Once more, with limited finances, there isn’t much that most of my family can do to celebrate the Fourth of July this year except stay home and try to think up special ways to enjoy our nation’s birthday anyway. Two of our children will be gone from home for a while starting this morning, and they’ll be able to do some memorable things for the holiday.
They can work on building Fourth of July memories a lot like I did when I was their age.
Back in my pre-teen to early teen years, July 4th was always something to look forward to because it was time for Salmon River Days in my hometown of Salmon, Idaho. That town was fairly bustling in those days, and downtown was the place to see and be seen because that’s where everything was happening — a parade down Main Street, sidewalk shopping, entertainment of all kinds.

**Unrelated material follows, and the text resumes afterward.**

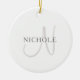 Décoration En Céramique Nom élégant Monogramme | Blanc et gris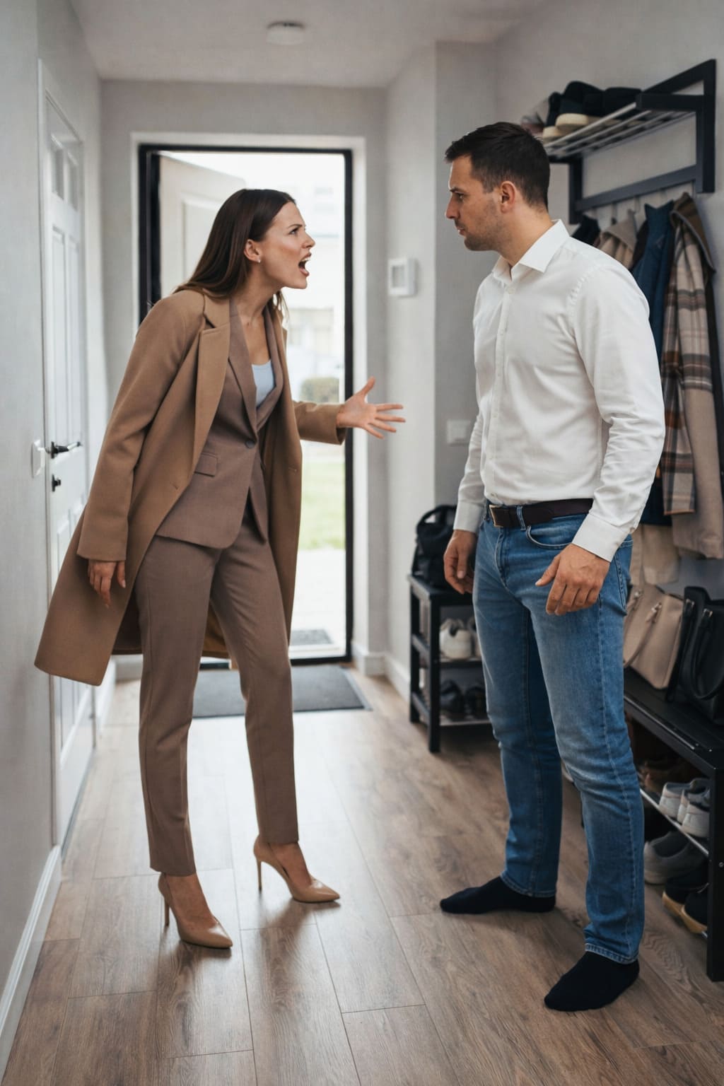— Поставь сумку на пол. Медленно, — голос Олега звучал пугающе обыденно, словно он просил передать соль за обедом, а не преграждал путь собственной жене в тесной прихожей. — И сними это пальто. Ты выглядишь смешно.

One of my favorite things to take in during Salmon River Days was motocross racing at a tough track outside of town, listening to the whine of the engines and seeing bikes fly through the air down a steep, neck-breaking, bone-crunching hill.
It was a time for family get-togethers, picnics, and Salmon had some decent fireworks for a town its size.
It was a small-town celebration done up big. It was a special time to be a kid.
From there, it was on to the celebration put on in Idaho Falls, a bigger community that also knows how to do an American birthday celebration the right way.
For a lot of years, my family has enjoyed getting together with relatives, saving a spot along the banks of the Snake River for hours, doing some reading, and watching the people go by in preparation for the town’s huge fireworks show — one of the biggest pyrotechnic displays west of the Mississippi.
Idaho Falls’ fireworks show is a huge deal, drawing tens of thousands of people not only from surrounding towns but surrounding states as well. The show is choreographed to music — rock, country, pop, classical (including the songs found in videos below) — that’s simulcast on a local radio station. I’ve seen some amazing things in that show, including red hearts perfectly forming in the sky along to the words “I love you” from Louis Armstrong’s version of “What A Wonderful World.”
Those are the kinds of things Fourth of July memories are made of, the kinds of things I want my children to look back on with fondness as they celebrate our nation’s birthday themselves.
It’s part of what makes growing up so fun.